Open ksuszka opened 1 year ago
This sounds like an issue with Iceoryx more than an issue with Cyclone itself: we just use the Iceoryx API to publish data and subscribe to it. It would be good to see whether the Iceoryx guys agree with that initial assessment.
I am not sure whom to ping for help, perhaps @elBoberido?
@ksuszka what do you mean with aborting the execution abruptly? Is there still a graceful shutdown or is the application killed.
@eboasson this error happens when the chunks taken from the subscriber are not released. Every time a chunk is taken out of the queue it is internally stored in a fixed size used chunk list. When the list is full and there is no space for further tracking the subscriber will immediately release the chunk and return with the TOO_MANY_CHUNKS_HELD_IN_PARALLEL
error. It might be a problem in the rmw implementation but I'm not quite sure whom to ask.
@elBoberido it throws an exception: https://github.com/ksuszka/cyclonedds_iceoryx_memory_leak/blob/d92c07b7c3400bafcfffbc9dd59f62afc638693a/test_publisher/main.cpp#L16
Writing here just to link the issues ;)
We are also experiencing memory leaks that might be / might not be related to CycloneDDS, more information here: https://github.com/ros2/geometry2/pull/630#issuecomment-1808003236
FYI, for us (with @nachovizzo) the root cause was actually with tf2: https://github.com/ros2/geometry2/pull/636
Bug report
Required Info:
Steps to reproduce issue
I prepared separate repo with two very simple applications (publisher/subscriber) to show the issue. https://github.com/ksuszka/cyclonedds_iceoryx_memory_leak/tree/chunks-leak
Using this repo: Build docker image:
Open four terminal windows. In the first terminal window run:
In the second terminal window run:
In the third terminal window run:
In the fourth terminal window again run:
And wait a minute.
After some time you will most likely start to get errors:
Expected behavior
Messages which cannot be processed due to a slow subscriber are dropped silently.
Actual behavior
Messages which cannot be processed due to a slow subscriber are dropped silently for a few seconds and then Iceoryx errors start to appear.
Additional information
In this example a really slow subscriber has a QoS with a history depth slightly smaller (250) than the maximum history depth available in the precompiled ros-humble-iceoryx-* package (256). When subscriber's queue is filled up it should stay at a constant size and it is mostly the case if there is a single very fast publisher. If there are multiple parallel publishers is starts to slowly leak, what can be observed with the iox-introspection-client (if it is compiled separately).
The issue is easily reproducible if publishers abort execution abruptly (this method is used in the example repository), however AFAIK it is not a requirement for the issue to occur. We noticed the issue with leaking chunks in our system which has a few dozen of nodes and then we tried to find an easily reproducible, simple case.

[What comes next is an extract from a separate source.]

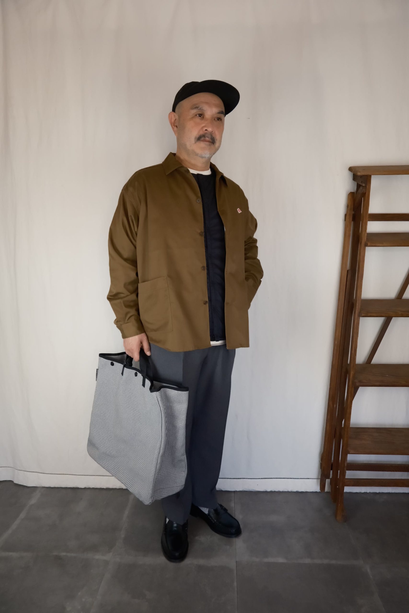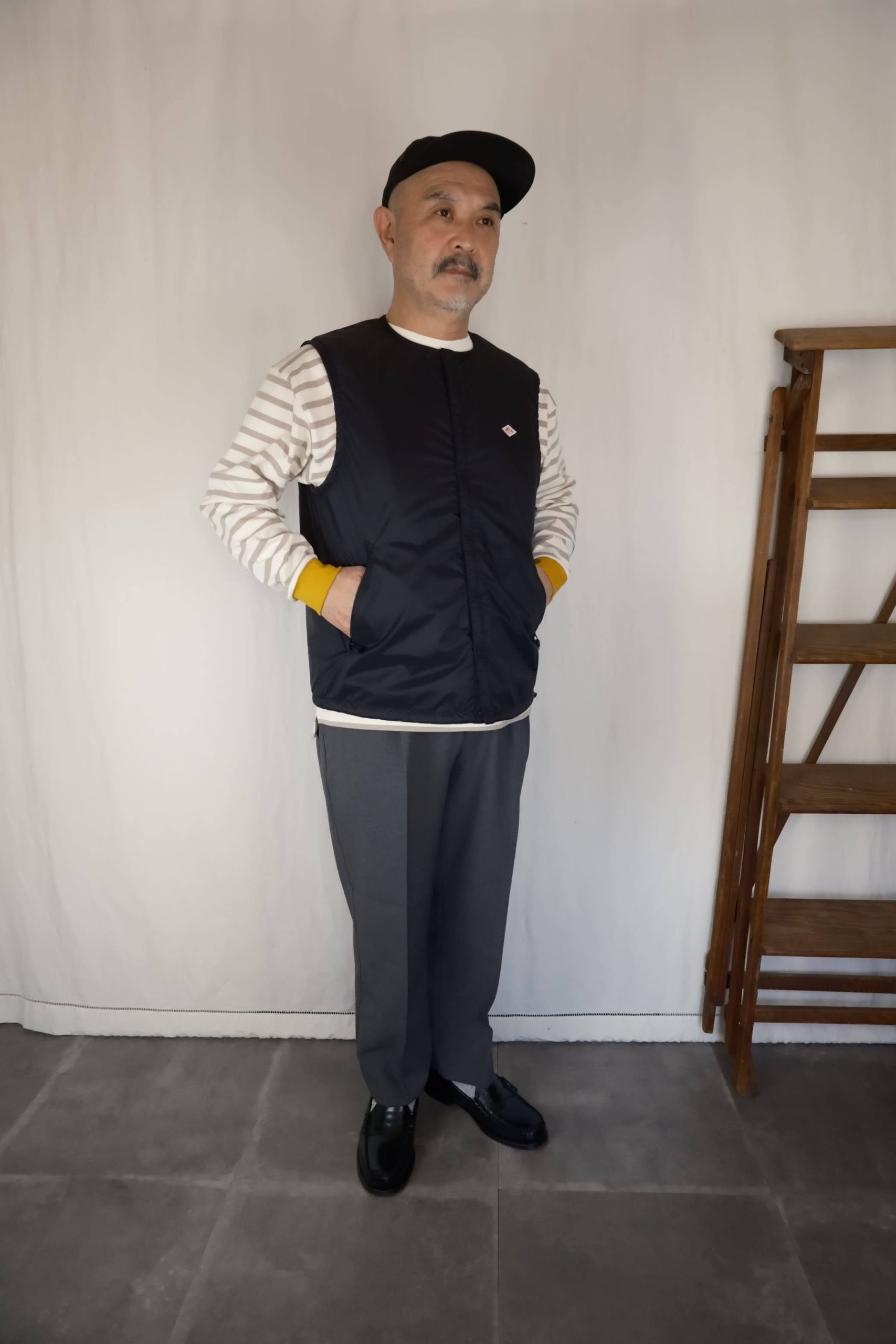 STYLE①ではワークジャケットと合わせてボリューム感のあるスタイリングでしたが、こちらではシャツジャケットと合わせてすっきりと。同じベストでも、合わせるアウターやインナー次第で印象が変わるのがレイヤードの面白さ。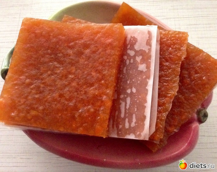 морковная пастила. Это очередной изыск из Избенки. Дочку угощала, сама квадратик попробовала.

For more background, we found this issue due to another possible bug: https://github.com/ros2/geometry2/pull/630. That bug makes tf_buffer a really slow reader of the /parameter_events topic. This topic has QoS history of 1000 so it cannot be even handled at the moment with the default Iceoryx limits. We recompiled Iceoryx with history depth of 4096 and the system seemed to work fine for a few hours, but after a few hours we started to get errors that too many chunks were held in parallel on topic /parameter_events which didn't make sense. But then we observed with the iox-introspection-client that if you start some simple random node with the default parameters handling, and next you start to spawn and close in parallel other, unrelated nodes that broadcast their parameters, the number of memory chunks held by the first node slowly and randomly increases over time.